Analyses of CD32+CD4+CD3+ cells expressing CD20 in the spleen of SIV-infected animals. (A, B) Confocal images of CD4+ T cells according to CD4, CD20, and CD32 staining. Staining was performed on CD4+CD3+ cells isolated from chronically SIV-infected MAC (A) and AGM (B). Graphs with cell numbers per field are shown on the right. The experiment was performed with samples from three monkeys per species and eight fields were counted per monkey. (C, D) viSNE map representing concatenated spleen cells from 6 MAC (D) and 6 AGM (C). Cells were stained with 9 markers and measured by flow cytometry. viSNE analysis was performed on 60000 live CD45⁺ single cells per sample using all 8 surface markers. viSNE map shows concatenated flow cytometry standard files for all (C) MAC and (D) AGM samples. Overlay of 6 manually gated cell populations on viSNE plots, defined as: CD8+T cells (live, CD45+CD3+CD8+), NK cells (live, CD45+CD3-NKG2a+), B cells (live, CD45+CD3-CD20+), CD32+CD4+ T cells (live, CD45+CD3+CD4+ CD32+), CD32-CD4+ T cells (live, CD45+CD3+CD4+CD32-).

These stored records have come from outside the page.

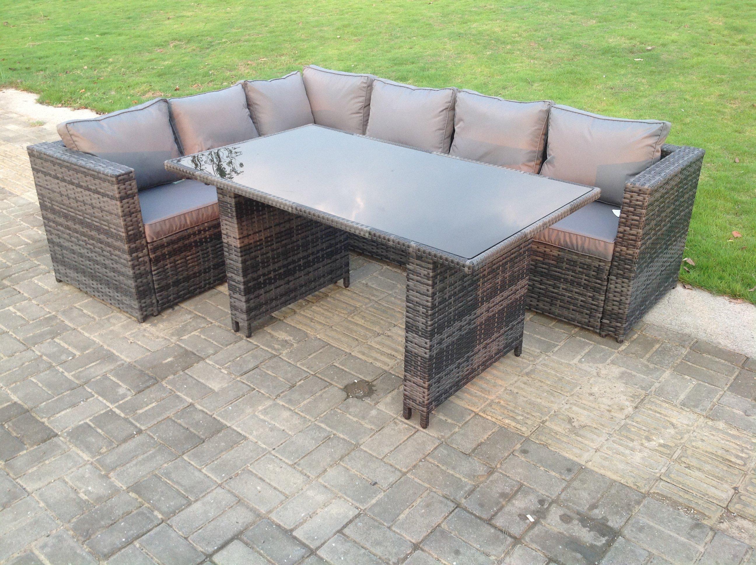 Lounge Rattan Corner Sofa Set Outdoor Garden Furniture Rectangular Dining Table Chair Set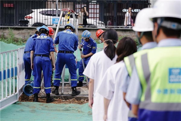 項目聯合青島紅十字藍天救援隊、嶗山區衛生健康局,現場模擬開展對管廊內中毒窒息人員和基坑坍塌被埋人員救援演練。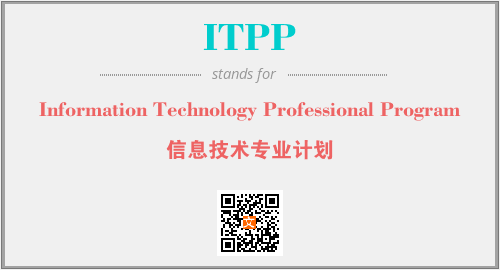 英文缩略词“ITPP”经常作为“Information Technology Professional Program”的英文缩写来使用,中文表示:“信息技术专业计划”。本文将详细介绍英文缩写词ITPP所代表英文单词,其对应的中文拼音、详细解释以及在英语中的流行度。此外,还有关于缩略词ITPP的分类、应用领域及相关应用示例等。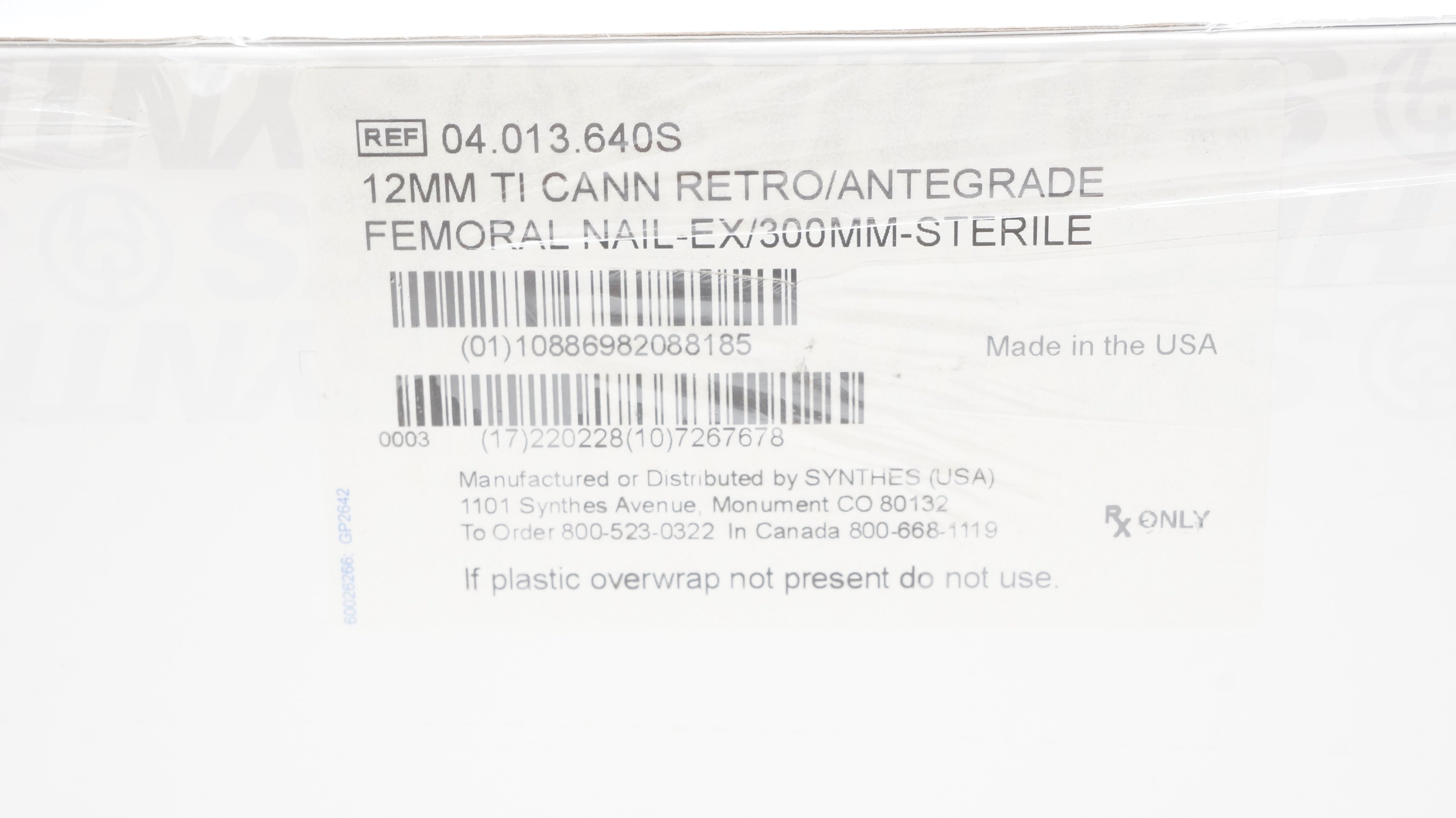 - Synthes 04.013.640S 12mm TI CANN RETRO/ANTEGRADE FEMORAL NAIL-EX/300mm (x)

Intensity of CD3, CD32, CD4, CD20, is shown for all samples, overlaid on the viSNE map. White arrows indicate CD32+CD4+ T cells. Cells not identified by such biaxial gating within CD45⁺ cells in the viSNE plots are shown in white. (E, F) Percentage of CD20+ cells within CD32+ CD4+ and CD32^- CD4+ according to their expression of IgM and IgG in MAC (orange) and AGM (blue). In Figure cells from distinct tissues of chronically infected (E) MAC and (F) AGM. (G) Frequency of IgM and IgG on CD4+CD20+CD32+ T cells in the spleen of chronically infected MAC (upper part) and AGM (lower part). (H) Distribution of CD32+CD20+CD4+ T cells according to their expression of IgM and IgG in MAC (orange) and AGM (blue). In Figures 4A, B , a Friedman test was applied. In Figures 4C, D , statistical differences were assessed by ANOVA with Tukey adjustment for multiple comparisons. Asterisks indicate p-values < 0.05.